Recently moved users are unable to authenticate with the Mobility server (FDN context change)

Many users not able to connect to synchronizer
User has been moved in the Directory Service (FDN context has changed)
User is unable to sync mail, contacts, calendar with previously added devices
Recently moved users are unable to authenticate with the Mobility server
Can't add user account(s) to device(s) - Failed to verify account information
/var/log/datasync/connects/mobility-agent.log: Failed to Authenticate User

If the authentication mode has been configured for LDAP, Mobility relies on the user's FDN to authenticate the user. If this user has been moved or relocated in the directory service, this can make it difficult for Mobility since it still relies on the old context.

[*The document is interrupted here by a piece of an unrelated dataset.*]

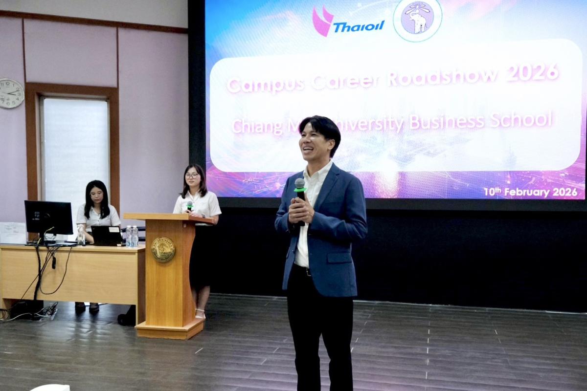 วันที่ 10 กุมภาพันธ์ 2569 ศูนย์พัฒนาความสำเร็จแห่งอาชีพ (CSC) คณะบริหารธุรกิจ มหาวิทยาลัยเชียงใหม่ จัดกิจกรรม Company Presentation แนะนำธุรกิจของ บริษัท ไทยออยล์ จำกัด (มหาชน) เพื่อเปิดโอกาสให้นักศึกษาได้เรียนรู้เกี่ยวกับสายงาน แนวทางการสมัครงาน และเส้นทางความก้าวหน้าในองค์กร โดยได้รับเกียรติจาก ผู้ช่วยศาสตราจารย์ ดร.วีระพงษ์ กิติวงค์ ผู้ช่วยคณบดี กล่าวเปิดกิจกรรมและให้การต้อนรับ คุณกิตติพัฒน์ ดารากร ณ อยุธยา ผู้ช่วยผู้จัดการ ด้านบริหารทรัพยากรบุคคล ซึ่งเป็นวิทยากรถ่ายทอดประสบการณ์และข้อมูลเชิงลึก ณ ห้องประชุม 1 คณะบริหารธุรกิจ มหาวิทยาลัยเชียงใหม่

Steps to resolve this issue differ depending if the user was added to the Mobility server as part of a group or individually:

• If the user was added as part of a group (group icon to the left of the user in WebAdmin | Users):
  See Updating a Group of Users in Your Mobility System.
  Note: This synchronization should happen automatically every so often behind the scenes. Technically, the old user is removed (in WebAdmin | Users, ~userid is displayed as deleting), while the new userid in the new context is added simultaneously.
  
  
• If the user was added individually (no group icon to the left of the user in WebAdmin | Users):
• (option A) Re-initialize the user from WebAdmin. See Reinitializing a User.
  
• (option B) Create an alias for the user in the old context. Then restart gms.
  Note: If authentication still fails, there is a possibility that the LDAP server needs to be configured to de-reference alias objects (properties of ldap server object | general tab) See Understanding and Using NDS Alias Objects for further details.
  
• (option C) Move the user back to the old context and then restart gms.
  

The Mobility server is authenticating user(s) to old context that no longer exists in the directory service.